No iTunes app. No "show in iTune Store" action on the album page (Share has since shown back up, because Apple Music is non-deterministic). There's an iTunes Store on my phone, but I want to download it here on my desktop. Fine, where's the store page. It's… missing. After some duck searches, turns out you have to open Apple Music Preferences, check "iTunes Store" in a little grid. I didn't deselect this, it came deselected, meaning NOBODY is going to see it.

Once that's done, Store is back in the sidebar, and clicking it shows the good old storefront, account links, etc. But how do you search? Search box just shows Apple Music (streaming). WAAAAAY up in the top-right corner is a selector for Songs or Store. Now I'm on the album. And it's $8.99. Yeah, there's no DRM, but you know, I can get this elsewhere.

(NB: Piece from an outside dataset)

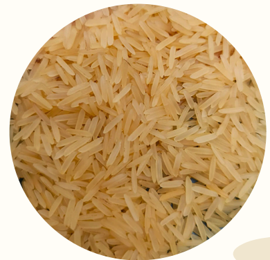
1509 Golden Sella 8.40 mm

So I went over to 'zon and bought a used CD (a little cheaper), because I can rip that lossless. At least they want my money.

And like that, with no announcement, Apple killed their store.

What Are You Doing, iCloud?

I often use Pythonista for automation or just code goofing off on the iPad. And unfortunately, the only ways Apple has allowed to get files into it are:

  1. Download with some other app (Dropbox or Readdle Documents, mostly) and share, one-way into it and no way out like a roach motel, or
  2. Put the file in iCloud, and it "should" sync automatically.

This is 100% an Apple policy problem, #1 demonstrates other apps can use networking just fine.

So on Mac I open iCloud (only in Finder, it's a stupid long path in shell), Pythonista3, try dragging the now-annoying disappearing proxy icon… can't drag it. So up a folder and I can drag THAT into shell.

Now in my CodePy folder, ln -s LONGICLOUDPATH icloud and voila, convenient access. Move my working project in there.

Make changes to a file, look in Pythonista, and it's all good. Make a new file, wait… it never shows up. Finally I open Files app on iPad, see if it's there, and NOW it syncs.

Maybe Pythonista is getting old and missed a notification, I notice the keyboard row isn't coming up, but Apple's incompetent garbage service iCloud/MobileMe/iTools has been failing to sync files for 15 FUCKING YEARS NOW, and I'm goddamned sick and tired of it.

This is why I give Dropbox money every month, because their syncing always works.